Security firms to cash in protecting China’s ‘New Silk Road’
Thousands of Chinese workers are likely to be involved in infrastructure and industrial projects in Asia and beyond, creating lucrative contracts for security companies
Global security companies and their smaller Chinese rivals are jostling for business along Beijing’s modern-day “Silk Road”, the grandiose plan for land and sea routes connecting the world’s second largest economy with the rest of Asia and beyond.
Representing investments of hundreds of billions of dollars, the pet project of Chinese President Xi Jinping is seen boosting economic growth at home, and as positive for everything from steel prices to cement makers.

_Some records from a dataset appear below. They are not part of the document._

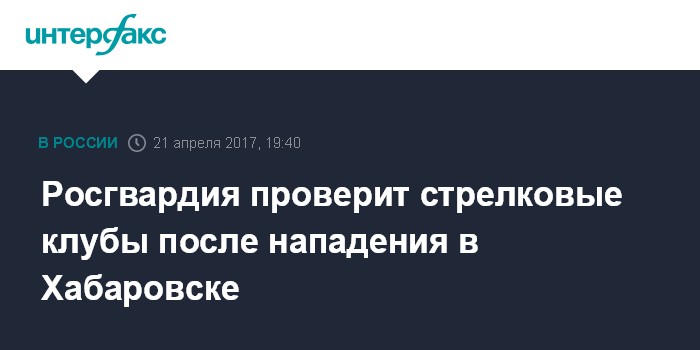 Москва. 21 апреля. INTERFAX.RU - Национальная гвардия проведет внеплановые проверки стрелковых клубов после нападения на управление ФСБ по Хабаровскому краю, сообщили "Интерфаксу" в пятницу в департаменте по взаимодействию со СМИ Росгвардии.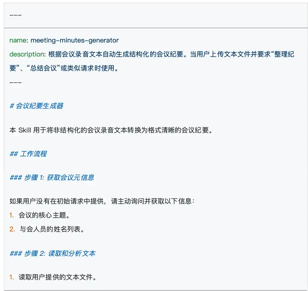 Paso 4: Ejecución estricta y respuesta de salida Finalmente, la herramienta cliente envía tanto "la solicitud original del usuario" como "el contenido completo de skill.md del Asistente de resumen de reuniones" al modelo de lenguaje grande. Esta vez, el modelo de lenguaje grande ya no está tomando decisiones, sino que entra en modo de ejecución. Sigue estrictamente las reglas establecidas en skill.md (por ejemplo: debe extraer participantes, temas centrales, decisiones finales), genera una respuesta altamente estructurada y la presenta al usuario a través de la herramienta cliente.
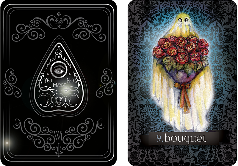 Card backs will be matte black with silver foil. Card fronts will feature Monica's watercolor paintings on an 18th century English damask.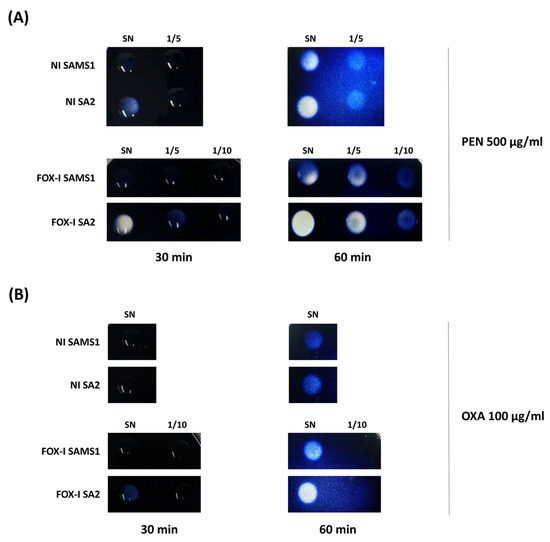 For the iodometric method, starch agar plates (0.25 g of starch (Sigma Aldrich, St. Louis, MO, USA), 0.50 g of Agar-Agar (Britania, Buenos Aires, Argentina), 50 mL of 50 mM phosphate buffer pH: 7.5, and 1 mL of a potassium iodide–iodine solution) were prepared with OXA (100 μg/mL), FOX (100 μg/mL) or PEN (500 μg/mL), all from Sigma Aldrich, St. Louis, MO, USA. The plates were then inoculated with 50 μL of undiluted supernatant (45 mg total proteins) and serial dilutions of supernatants, and incubated at 37 °C for 60 min. The presence of β-lactamases in the culture supernatant causes the discoloration of the agar as a consequence of the acidification of the medium upon β-lactam hydrolysis [62]. The progress of the reaction was monitored at 30 and 60 min, and pictures were taken at each time point.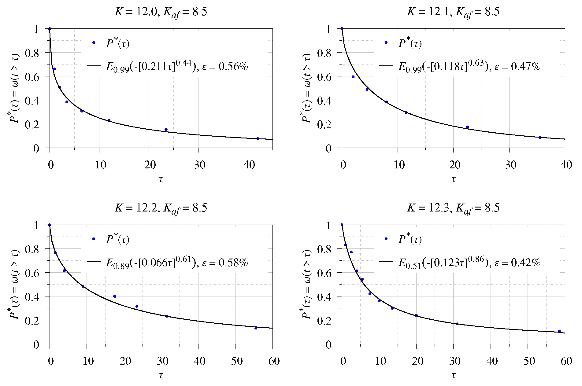 Логическим продолжением исследований рассматриваемой дробной модели деформационного процесса является её верификация в фазе релаксации на основании данных каталога землетрясений КФ ФИЦ ЕГС РАН для зоны субдукции Курило-Камчатской островной дуги ( N, E) [16]. Согласно модели трёхпараметрического дробного пуассоновского процесса [7], которая позволяет представить как нормальные, так и аномальные процессы активизации и релаксации, законы распределения времени ожидания афтершоков (фаза релаксации) аппроксимируются убывающей дробной функцией МиттагЛеффлёра с параметрами , и :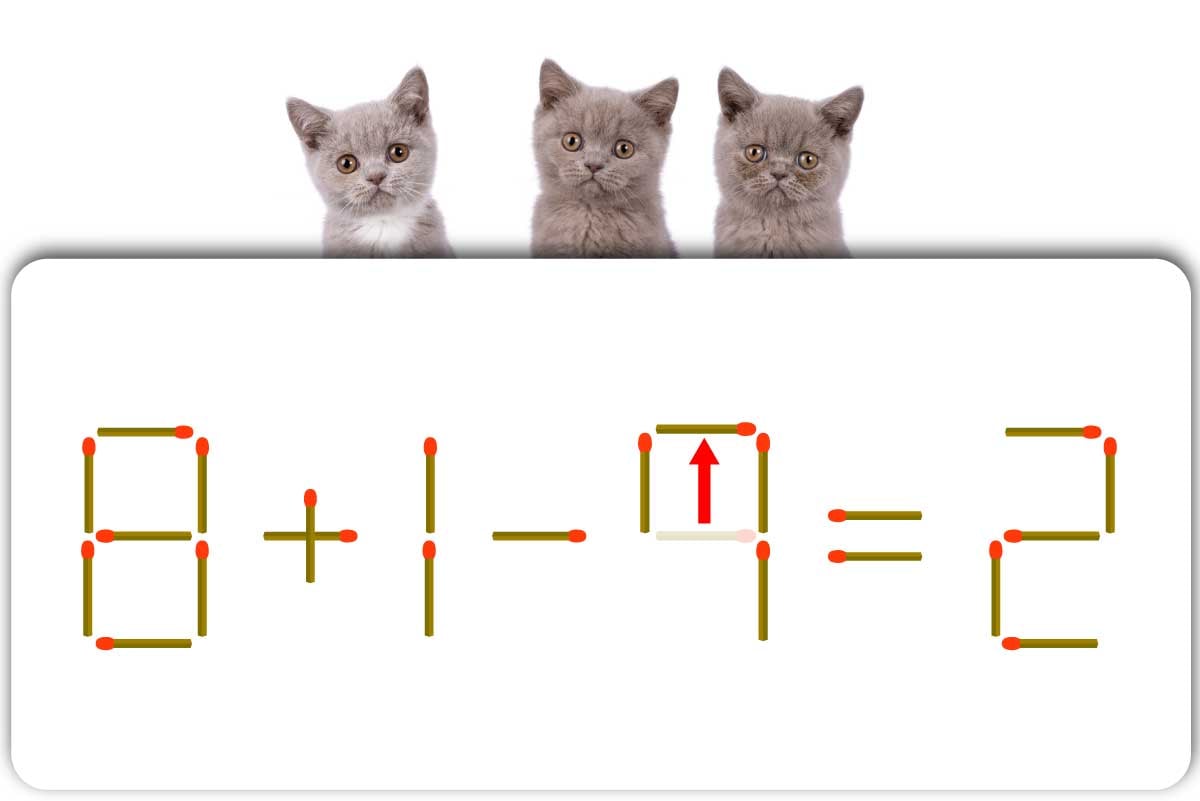 「4」の横マッチ棒を1本移動させて「7」を作り「8+1-7=2」にする。※解答は複数ある場合があります。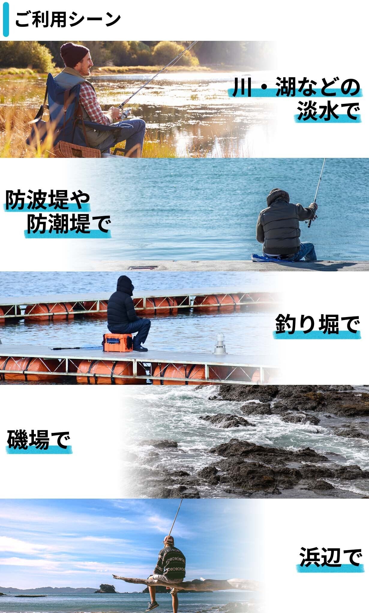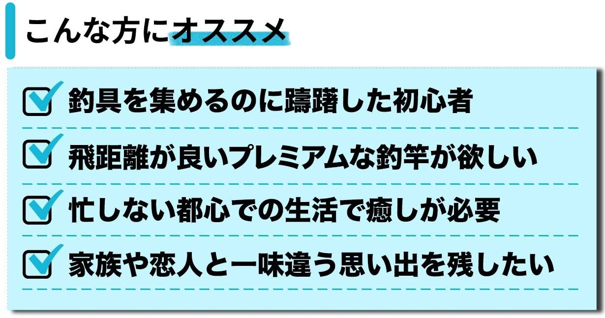 A:初めての釣りには多くの魚種を捕まえられる上に、比較的セッティングが簡単で場所を取らないのでオススメです。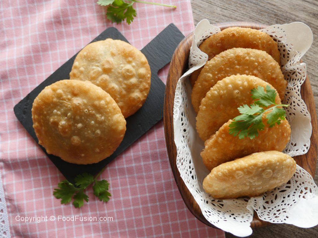 Grease hands with oil,take a stuffed ball and flattened with the help of the palms.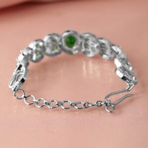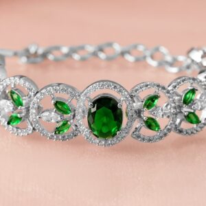 Bracelet : This silver-plated bracelet showcases an elegant design with sparkling cubic zirconia and striking emerald green stones, perfect for adding a touch of glamour and sophistication to any outfit. Occasion : Bring your style to a whole new level with this handcrafted piece of jewellery. When you’re celebrating a special Occasion : – a birthday, wedding, or personal milestone – this piece adds that extra something that makes us feel special and looking our best. Material : & Care Dimension : Length : 20.5cm, Width: 1.5cm Material :Brass Net Weight: 16.40mg Net Qty: 1 Bracelets Care Label : It is advisable to avoid contact with water and organic chemicals i.e. perfume sprays. Store jewellery in airtight box. After use, wipe the jewellery with soft cotton cloth.

Security firms also expect to tap the rush, offering to protect thousands of Chinese workers - and the pipelines, roads, railways and power plants they build - as they fan out across the world under the “Belt and Road Initiative”.
It will not be easy, however, with executives warning that state-owned enterprises running or planning projects from Africa to Vietnam sometimes prefer to deal with fellow Chinese, treat safety as an afterthought and try to keep costs to a minimum.
“One Belt, One Road is a lifetime [of work] for us,” said John Jiang, managing director of Chinese Overseas Security Group.
The small consortium of security providers was set up early last year and operates in six countries: Pakistan, Turkey, Mozambique, Cambodia, Malaysia and Thailand.